Repository Navigation

Abstract

This project focuses on predicting the likelihood of readmission within 30 days of initial discharge for diabetes patients using machine learning algorithms. I developed and evaluated various models, including random forests, SVC with RBF kernel, gradient boosting, and neural networks, to identify high-risk patients and provide targeted interventions to reduce the likelihood of readmission. By analyzing admission, demographic, clinical, medication, and discharge data, we were able to develop a predictive model that can be used by healthcare providers to optimize resource allocation, improve care coordination, and inform policy and practice in the field of diabetes care and readmission prevention. The insights gained from this project demonstrate the potential of data science and machine learning in healthcare and contribute to efforts to improve patient outcomes and reduce healthcare costs.

Introduction

Hospital readmissions within 30 days of discharge are a common problem, especially for patients with chronic conditions like diabetes. Not only do readmissions negatively impact patient outcomes, but they also increase healthcare costs and strain the capacity of the healthcare system. In response to this issue, Medicare established the Hospital Readmissions Reduction Program (HRRP), which financially penalizes hospitals with higher-than-expected rates of readmissions. To address this problem, I developed machine learning models that can identify patients who are at risk for 30-day readmissions. These models analyze key features and patterns to inform treatment plans and reduce the likelihood of readmissions. By developing and implementing these models, we aim to address the challenges of preventable readmissions, improve patient outcomes, and reduce healthcare costs. Additionally, our models can be used in real-time to predict the probability of a patient's readmission, enabling providers to modify treatment plans dynamically and optimize patient care.

Project Goals

Develop a machine learning model to predict <30-day readmission based on patient treatment and discharge data
Identify key patient and treatment features that are most predictive of readmissions
Provide recommendations to help reduce the number of preventable readmissions

Methods

Data

Source [1]

Overview

The "Diabetes 130-US hospitals for years 1999-2008" dataset from the University of California - Irvine, Machine Learning Repository represents 10 years of clinical care at 130 US hospitals and integrated delivery networks.

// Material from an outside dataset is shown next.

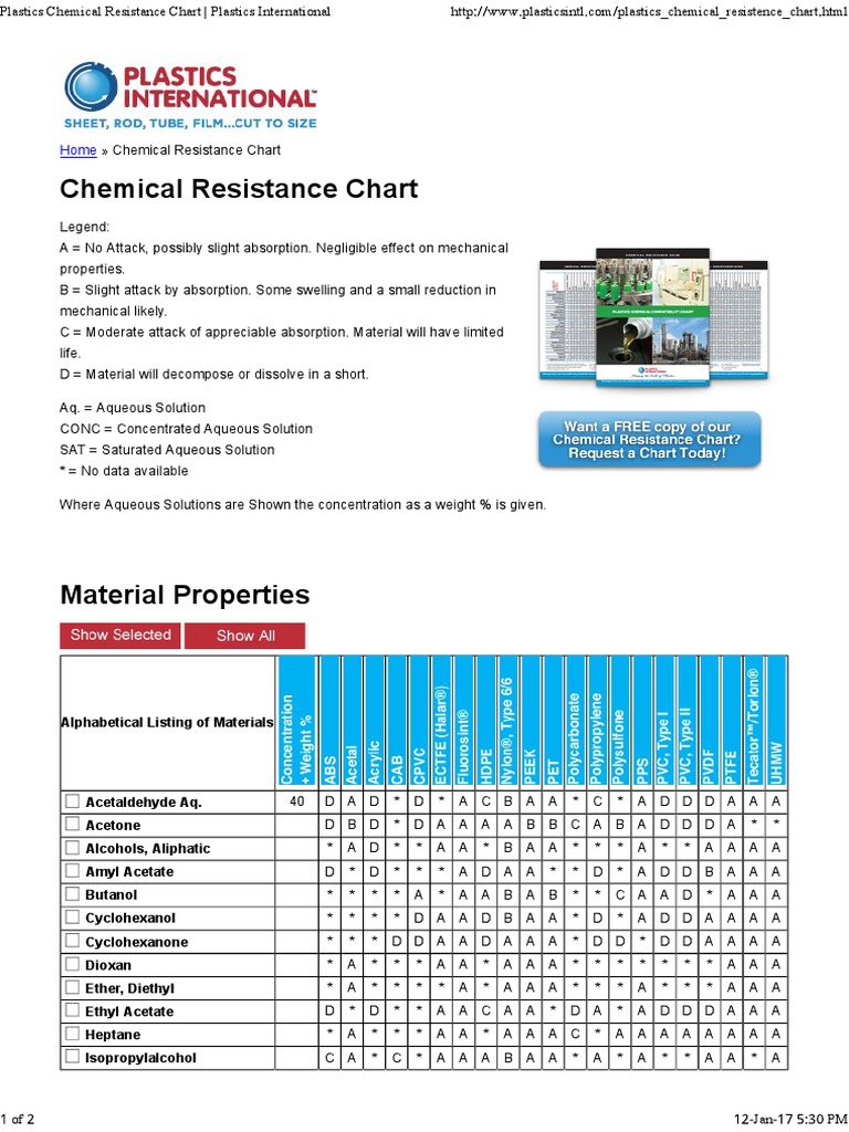 Chemical Resistance Chart For Acrylic PDF Acetic Acid Chloride Plastic Chemical Resistance Chart Pdf There are many factors which influence. thermoplastics and elastomers have outstanding resistance to a wide range of chemical reagents. if you find a chemical is not listed in table i or there are no ratings given for some of the plastic materials in. this chart gives general guidelines only on the chemical resistance of plastics. pvdf. Plastic Chemical Resistance Chart Pdf.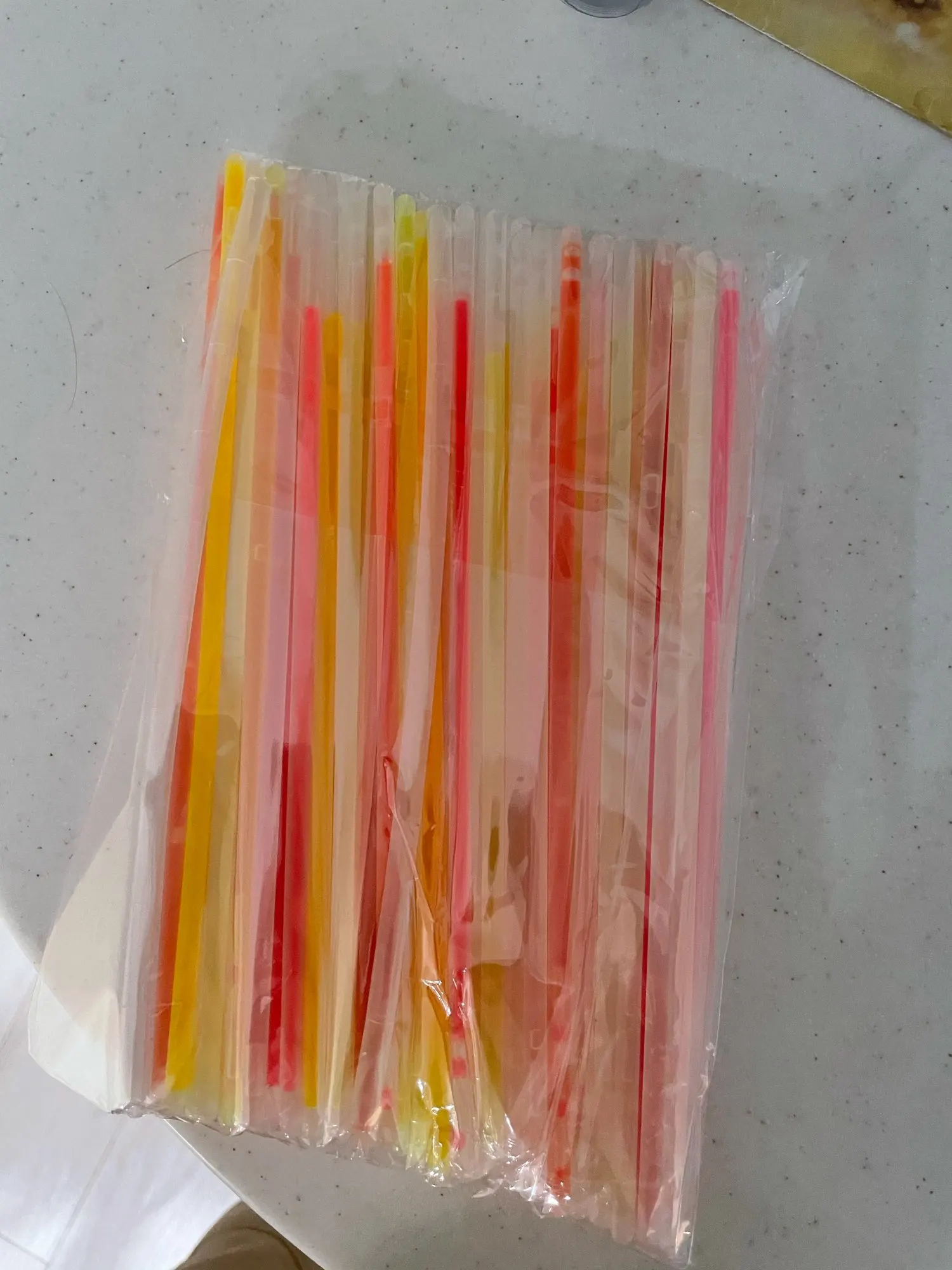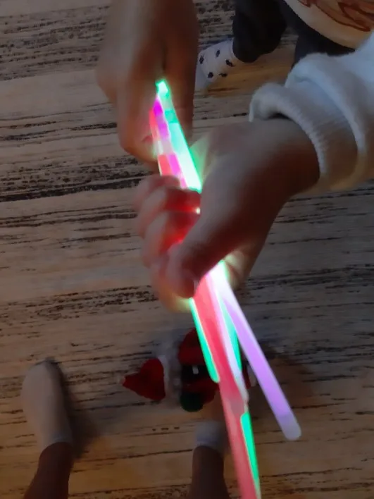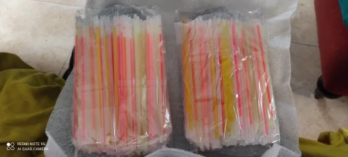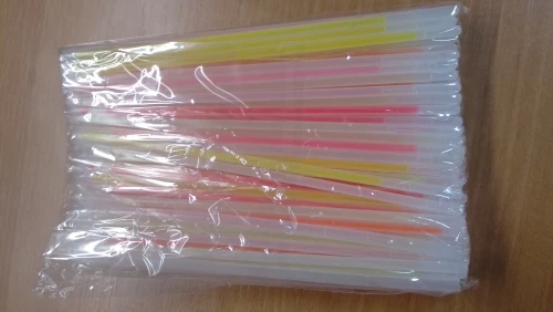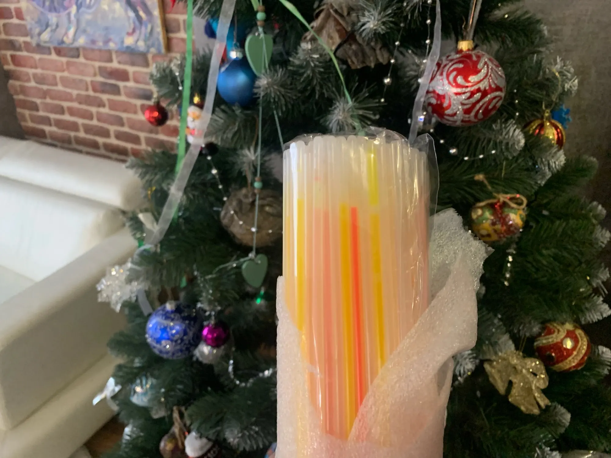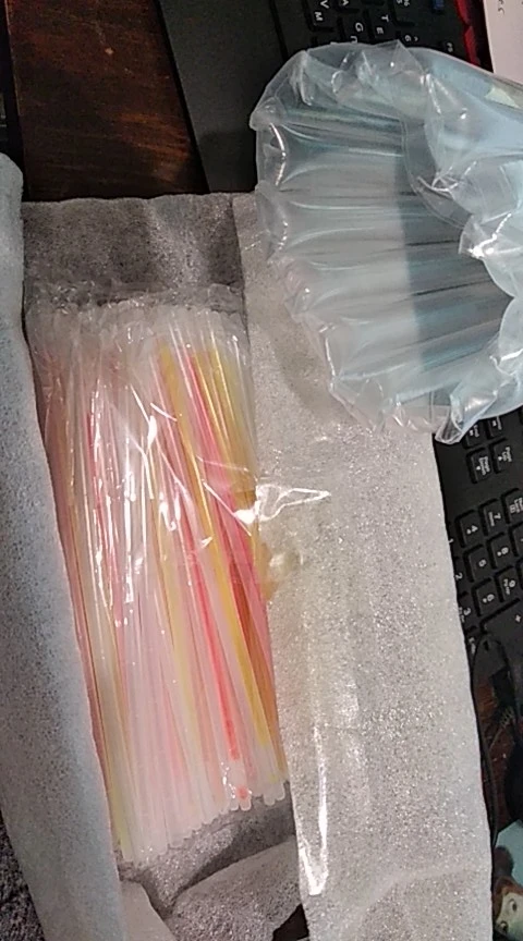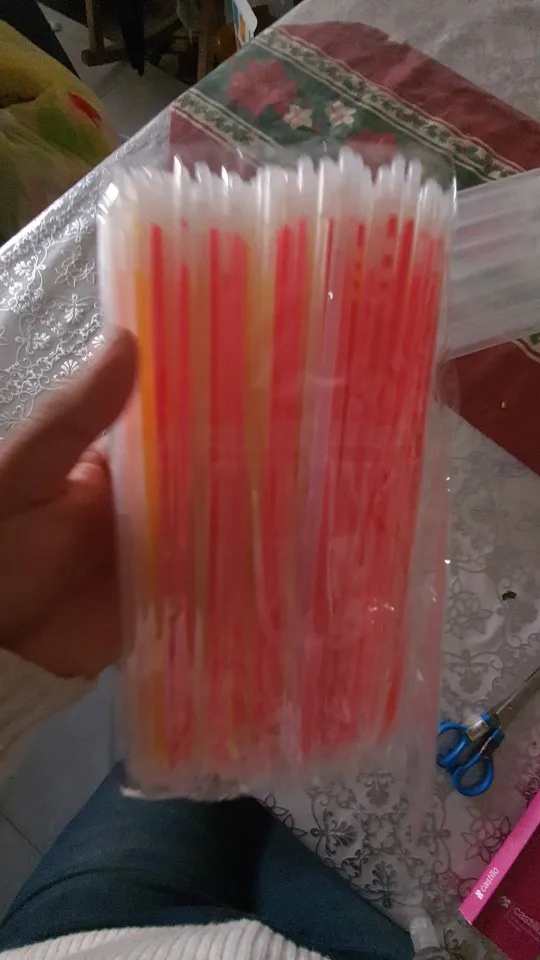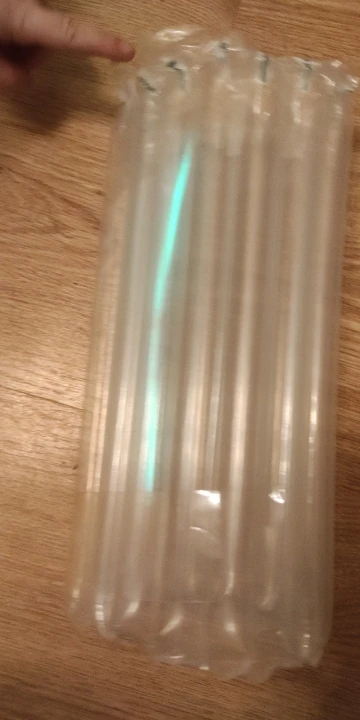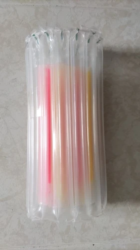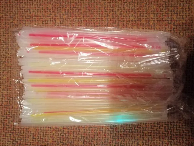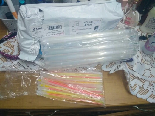 Ехало довольно долго, но успела к новому году. 100 штук светящихся палочек в кульке, без коробки, соединительные трубочки были не разделены и сложены вместе со стиками. Все вместе было завернуто в упаковку с воздушными отсеками, как для хрупких грузов. Цвета, что приехали - синий, оранжевый, красный, зелёный

It includes over 101,000 instances with more than 50 features, such as demographic information, health history, admission and treatment information, and discharge information.

Preparation

The dataset includes three classes for readmission, which were simplified into a binary classification for the purpose of the analysis: Class 0 includes NO and >30 readmissions, while Class 1 includes <30 readmissions. The dataset underwent several preprocessing steps, including de-noising, feature engineering, and undersampling to address class imbalance. These steps were taken to ensure the quality and accuracy of the data and to improve the performance of the machine learning models used in the analysis. The data was split into train (80%) and validation (20%) sets.

Models

I developed and evaluated several machine learning models, including Random Forest, SVC (Support Vector Classifier), LightGBM & CatBoost (Gradient Boosting), and Recurrent Neural Network (RNN) on their accuracy, precision, recall, and f-1 scores.

Results

Models' Performance

After training, tuning, and evaluation, all models achieved similar metrics, indicating that I have likely extracted the maximum amount of information from the dataset. Interestingly, the simple random forest model achieved the same accuracy as the more complex LGBM and Catboost models, but achieved a higher target F-1 score. Given the task of predicting the likelihood of readmission within 30 days of initial discharge for diabetes patients, I prioritized minimizing false negative errors over false positive errors. Therefore, I chose the random forest model for further feature analysis.

Feature Importances

It's important to note that the relationships observed between certain variables and the risk of readmission may be correlational rather than causal. For example, hospital visits, the number of diagnoses, the number of medications, and the discharge facility may be secondary to a patient's health status, which may be the primary predictor of readmission risk. However, it's interesting to note that more procedures appear to be associated with a lower risk of readmission, suggesting that this may be a potentially important factor to consider when developing strategies for preventing readmissions, although more research is necessary.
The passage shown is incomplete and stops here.